The Trust ended 1996 with a backlog of 18,300 new claims not yet reviewed and recorded; and with 325,000 claims in its automated inventory. By the end of Much, 1997 the Trust had reduced the backlog of unprocessed claims to approximately 9,500. Assuming all of those claims pass initial screening for acceptability, the Trust has received a total of 346,400 claims as of the end of March 1997.
During the First Quarter of 1997 the Trust’s General Counsel’s office argued the appellee’s case in Baker vs Manville Trust, 96-7796, in the United States Court of Appeals for the Second Circuit. Also during the First Quarter, the Second Circuit affirmed the opinion of the United States District Court in this matter.
As of March 31, 1997 there were 71 ADR claims pending in the Legal Department’s ADR queue. This is approximately a threefold increase over the number of pending ADR claims at the end of the Fourth Quarter 1996. The Claims Department reports that as many 100 additional claims may proceed to ADR during the Second Quarter. As a result, substantial work in the Legal Department has been devoted to preparing Trust position papers in pending ADR claims and conducting research to assist in the responses to the ADR claims that are expected to be filed during subsequent quarters in 1997.
Also during the First Quarter the General Counsel’s office received the majority of the 24 codefendant contribution claims which are now pending. Negotiations continue with representatives of the codefendant subclass to resolve certain outstanding claim processing and release issues.

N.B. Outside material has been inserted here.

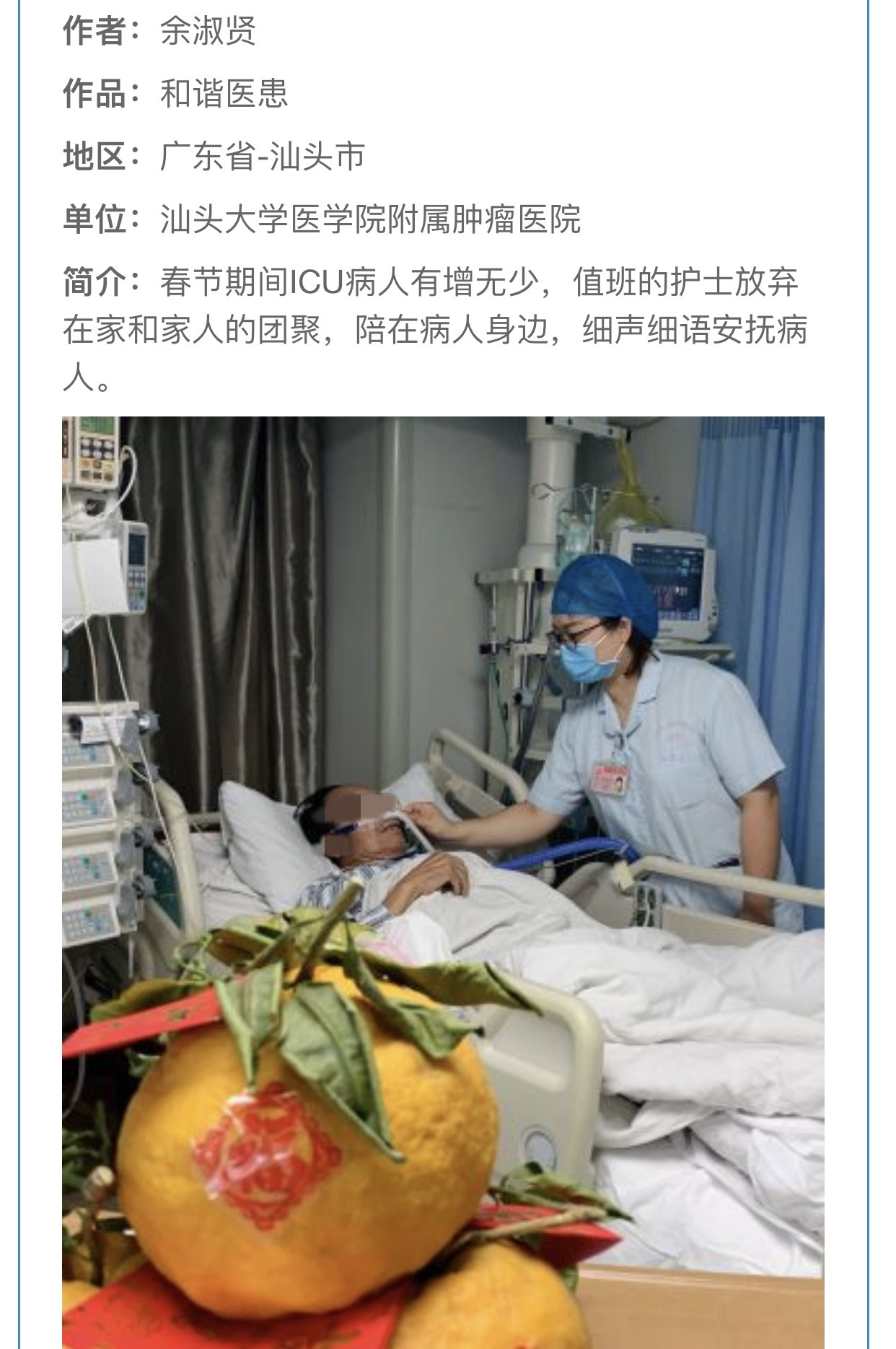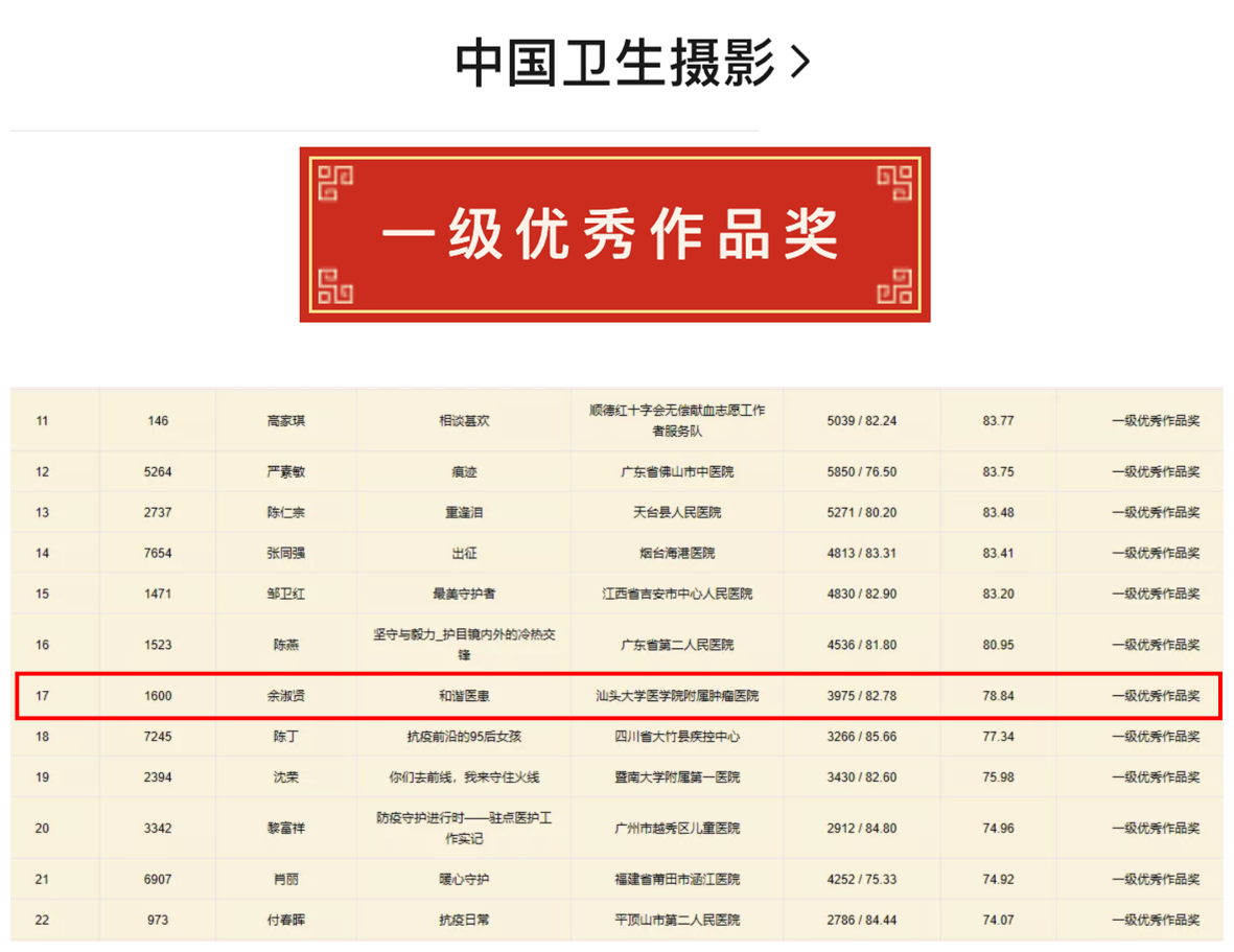 8月17日,由中国卫生摄影协会主办、中国卫生摄影协会新媒体传播分会承办的2020年全国卫生健康系统“战疫”纪实摄影大赛圆满谢幕。经过激烈角逐,我院ICU余淑贤护士长的作品《和谐医患》在众多作品中脱颖而出,获得一级优秀作品奖,为医院赢得了荣誉。 本次大赛自2019年12月启动“中国年味”主题征稿,2020年初为传播抗疫精神,弘扬医护美德,协会将大赛主题升级为“众志成城,抗击疫情”。经过半年多的征集,共有全国31个省区277市共2568位作者参加了本次赛事,经审核通过的投稿作品共7486幅(组),照片14671张,全程采用线上投稿、媒体征集、专家评审、大众评选等环节。 《和谐医患》作品记录了春节期间,在肿瘤医院ICU里,值班护士放弃和家人团聚,陪伴在病人身边,轻声细语安抚病人的故事,以影像形式定格了守护生命、医患和谐的美好瞬间,传递满满正能量。

The General Counsel’s office submitted the Eleventh Amendment to the Manville Personal Injury Settlement Trust Agreement to the Bankruptcy Court during the First Quarter following negotiations with representatives of classes of Trust beneficiaries concerning the contents of the Amendment
Claims investigation, particularly with respect to certain discrete populations of claimants, continues to occupy substantial resources within the General Counsel’s office.

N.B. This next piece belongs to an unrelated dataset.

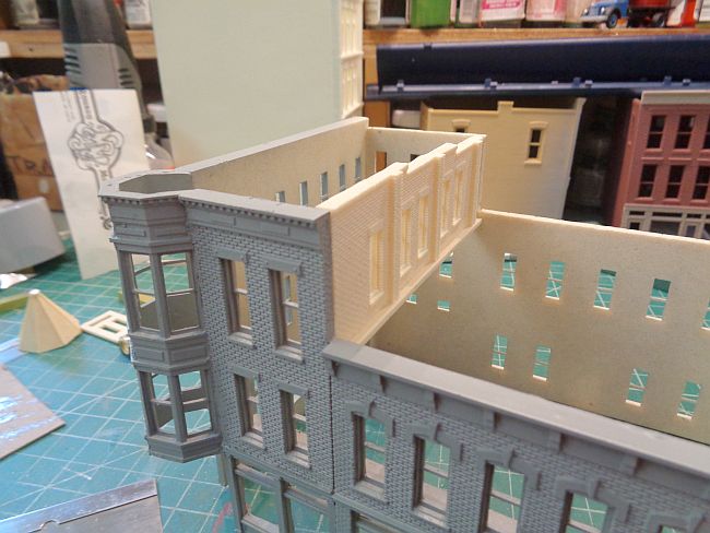 When I attempted to glue the third story wall in place, I found it to be just over 1/8" to long.

UPDATING THE ESTIMATE OF THE PRO RATA PERCENTAGE
At a meeting in February, the Trust received a preliminary report from Resource Planning Consultants (“RPC”) analyzing the characteristics of the 1996 claim filings. You will recall that those filings were substantially higher (over 55,000) than predicted, prompting the commencement of another reestimation of the pro rata share. At that meeting, it was estimated that RPC’s effort to review the data and reformulate their predictions of total claims to be filed would take approximately 12 weeks. Also in February, the Trust met with the SCB, and the Representative of the Futures to inform them of these developments and to discuss Trust operational issues. After the predictions of the number, disease and timing of new claim filings is complete, that information will be combined with assumptions regarding the impact of the medical audit program, the value of the Trust’s assets over the defined period, and numerous other parameters impacting the Trust’s ultimate assets and liabilities. That effort remains on schedule, and we plan to meet with Trust constituencies as soon as additional information is available regarding this critical issue.
With the aid of the Trust’s investment banker, we are continuing to closely monitor the performance of the portfolio and in particular the Trust’s proportionately smaller, but still significant investment in the common stock of Schuller Corporation. The company reported continued good results for the First Quarter of 1997 and management, motivated with new stock incentives, has targeted another record for the full year. Nonetheless, consistent with our past practice and long-term goal to diversify the Trust Estate, the Trustees, with the assistance of their advisers, are continuing to plan for the eventual monetization of this investment at appropriate values.